Crystal structure of glutaminyl tRNA synthetase (GlnRS, green) in complex with its substrate tRNA^Gln (yellow). Right panel: Color-coded residues depict favorable (blue) and unfavorable (red) effects on the free energy of glutamine binding from mutation at this position. Left panel: Effects of mutation on the ability of GlnRS to catalyze amino acid attachment to the tRNA. In this case all effects are unfavorable. Credit: Annia Rodriguez/ John Perona / UCSB
In all, Rodriguez found that separately removing seven different "gears" from a distant part of the molecule each caused the amino acid to bind more tightly to the aminoacyl-tRNA synthetase.
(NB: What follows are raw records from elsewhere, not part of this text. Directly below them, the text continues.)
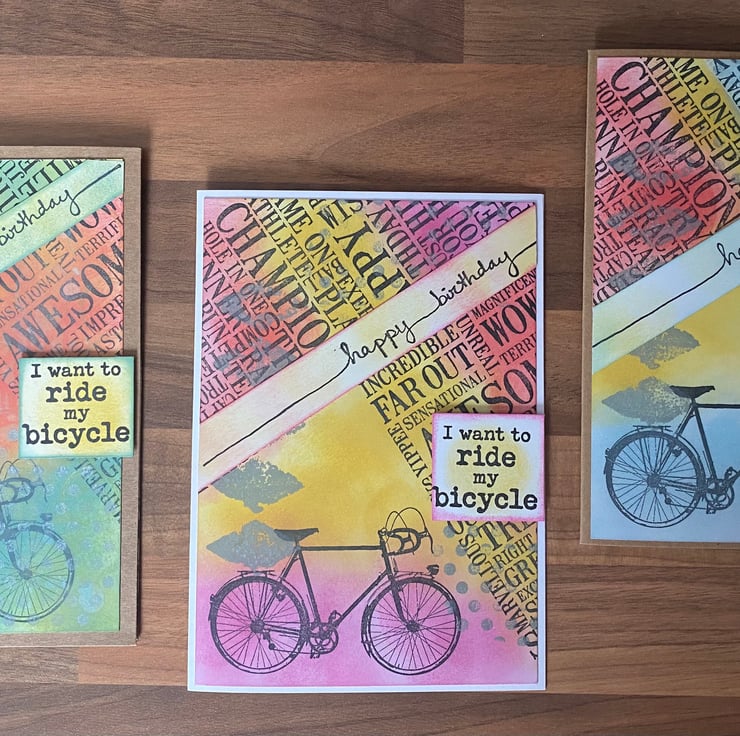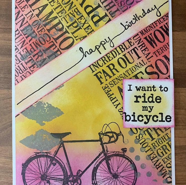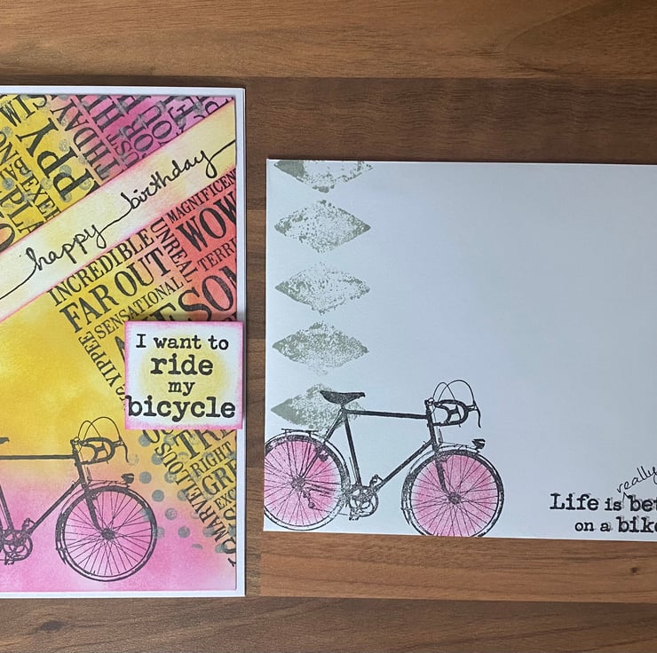 Sentiments "Happy Birthday" and “I want to ride my bicycle” were both stamped in archival ink but edged in the core colour with amber in the centre. The design follows through to the card interior and envelope.
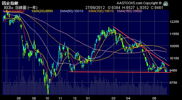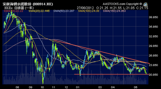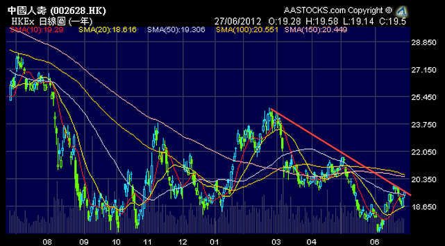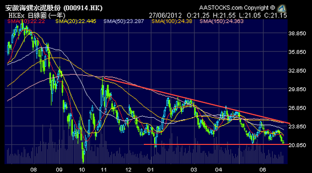 之前一直在留意的3隻恆指弱勢股齊齊破底。雖然今日恆指先跌後倒升,但望著這3子堅守的鐵底一次過 triple hit 全破,小弟真的無眼睇… 唯一可幸的是他們低位見陀螺或小陽燭,希望這只是假跌穿。
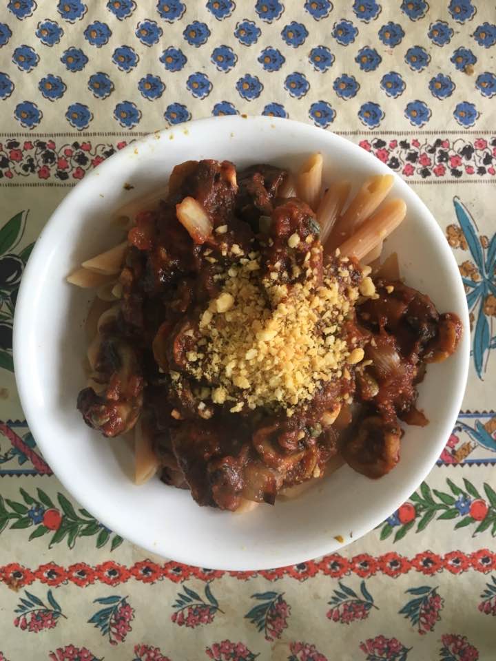 These days I favor lentil pasta. I don’t eat it frequently (it’s expensive, and why not simply eat lentils?) but it’s a nice once-in-a-while treat. It certainly packs more of a nutritional punch than the wheat equivalent (lots of protein and iron.)

Perona explained that this provides the first systematic analysis demonstrating long-range communication in an enzyme that depends on RNA for its function.

"So what we think is going on is that these enzyme-RNA interactions far from the amino acid binding site evolved together with the needs of the cell to respond to subtle cues from its environment – especially in terms of how much amino acid is available," said Perona. "It makes sense in terms of evolution."

Rodriguez is the first in her family to pursue a Ph.D., which she will complete this year. Now 28 years old, she began her career as a nurse in Cuernavaca, Mexico. Then she went on to obtain a B.S. in biochemical engineering at the Instituto Tecnológico de Zacatepec.

Graduation from her undergraduate program called for work at a research institution and she chose UCSB. Upon graduation, Rodriguez was offered a prestigious five-year scholarship with Mexico's Consejo Nacional de Ciencia y Technología (CONACYT) to continue her studies at UCSB.

Although her current research is not focused specifically on human health, Rodriguez said: "My interest in biochemistry started because I wanted to know the mechanisms by which drugs and medications worked inside the human body. I wanted to learn not just the signs and symptoms of disease, but how diseases are developed in a molecular level."